### Material shown
*** Block opens ***
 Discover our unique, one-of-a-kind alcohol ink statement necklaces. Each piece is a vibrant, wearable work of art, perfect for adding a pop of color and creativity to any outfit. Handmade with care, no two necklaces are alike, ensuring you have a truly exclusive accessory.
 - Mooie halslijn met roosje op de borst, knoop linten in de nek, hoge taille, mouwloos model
*** Block closes ***
*** Block opens ***
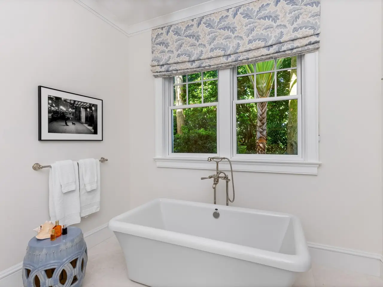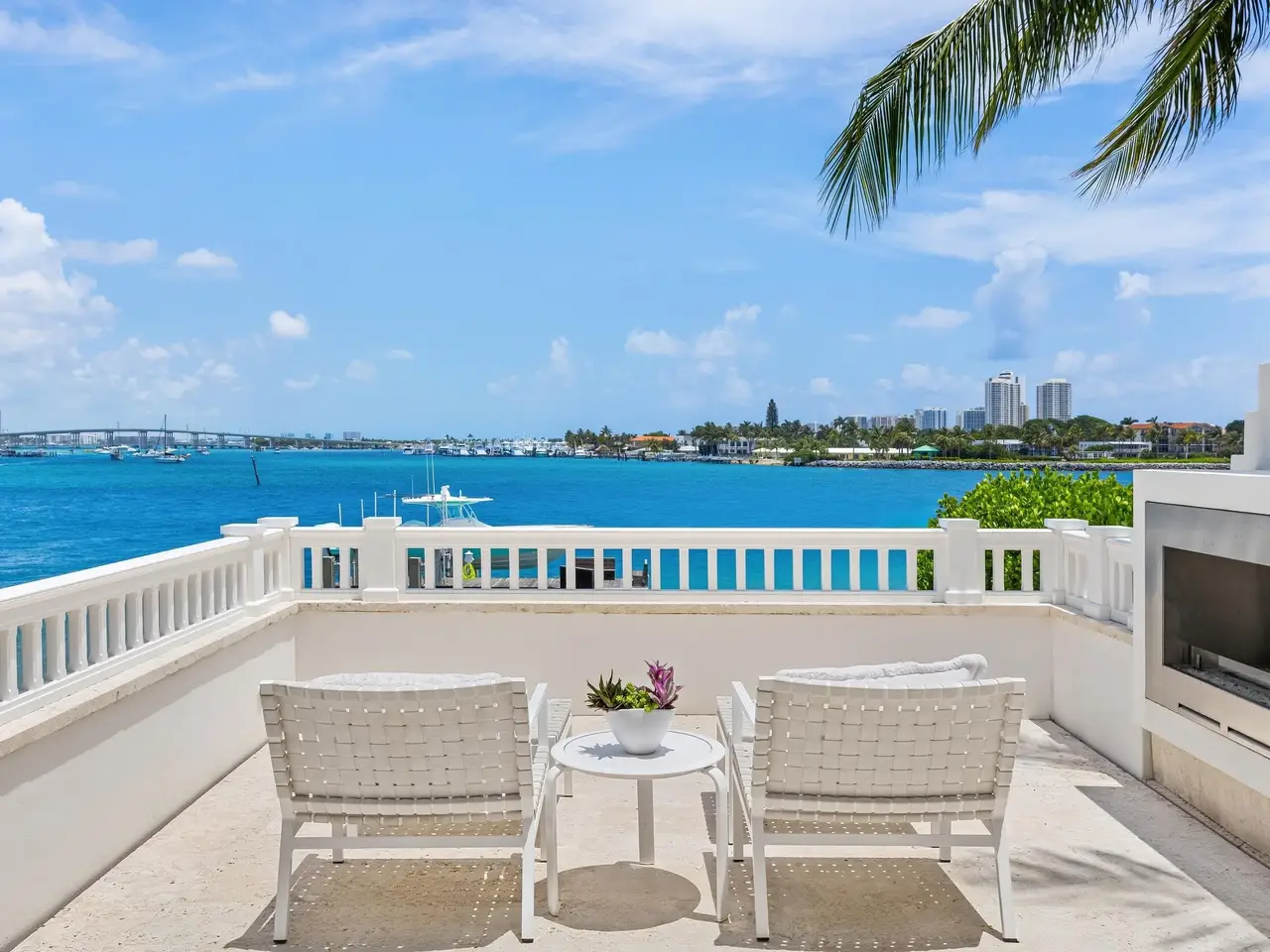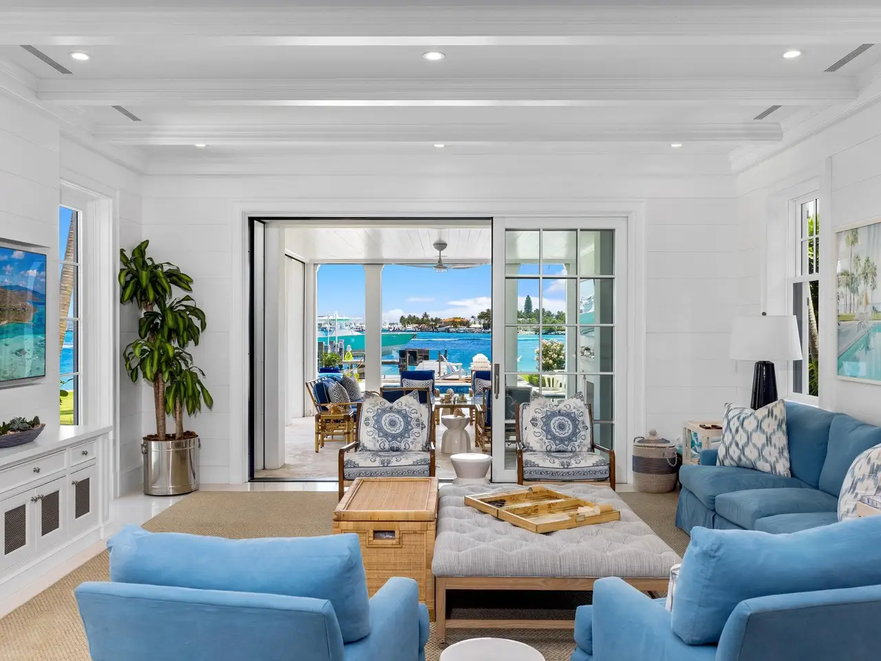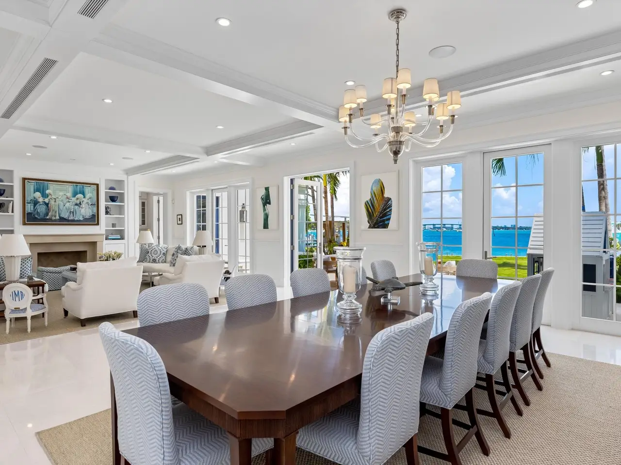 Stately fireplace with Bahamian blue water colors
*** Block closes ***
*** Block opens ***
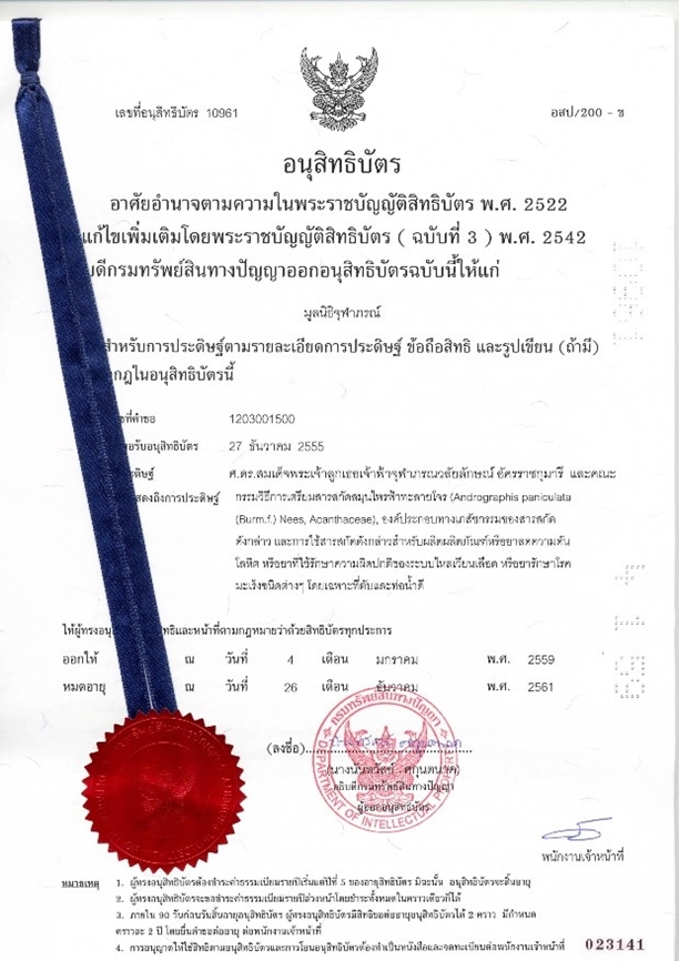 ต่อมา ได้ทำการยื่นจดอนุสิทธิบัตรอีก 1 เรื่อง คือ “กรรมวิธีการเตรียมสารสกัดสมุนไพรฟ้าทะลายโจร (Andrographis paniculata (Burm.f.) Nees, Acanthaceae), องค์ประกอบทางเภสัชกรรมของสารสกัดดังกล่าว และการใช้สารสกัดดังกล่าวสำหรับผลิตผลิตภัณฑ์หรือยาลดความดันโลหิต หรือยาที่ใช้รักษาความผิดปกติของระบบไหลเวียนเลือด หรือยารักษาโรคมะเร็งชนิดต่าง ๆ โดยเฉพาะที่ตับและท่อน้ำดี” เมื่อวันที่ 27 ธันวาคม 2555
*** Block closes ***
### Exercise requirements
Taking the entries above, write out exactly the lines starting with the line containing "Discover our unique, one-of-a-kind" and going on through the line containing "- Mooie halslijn", both included, and nothing else.

### Output
 Discover our unique, one-of-a-kind alcohol ink statement necklaces. Each piece is a vibrant, wearable work of art, perfect for adding a pop of color and creativity to any outfit. Handmade with care, no two necklaces are alike, ensuring you have a truly exclusive accessory.
 - Mooie halslijn met roosje op de borst, knoop linten in de nek, hoge taille, mouwloos model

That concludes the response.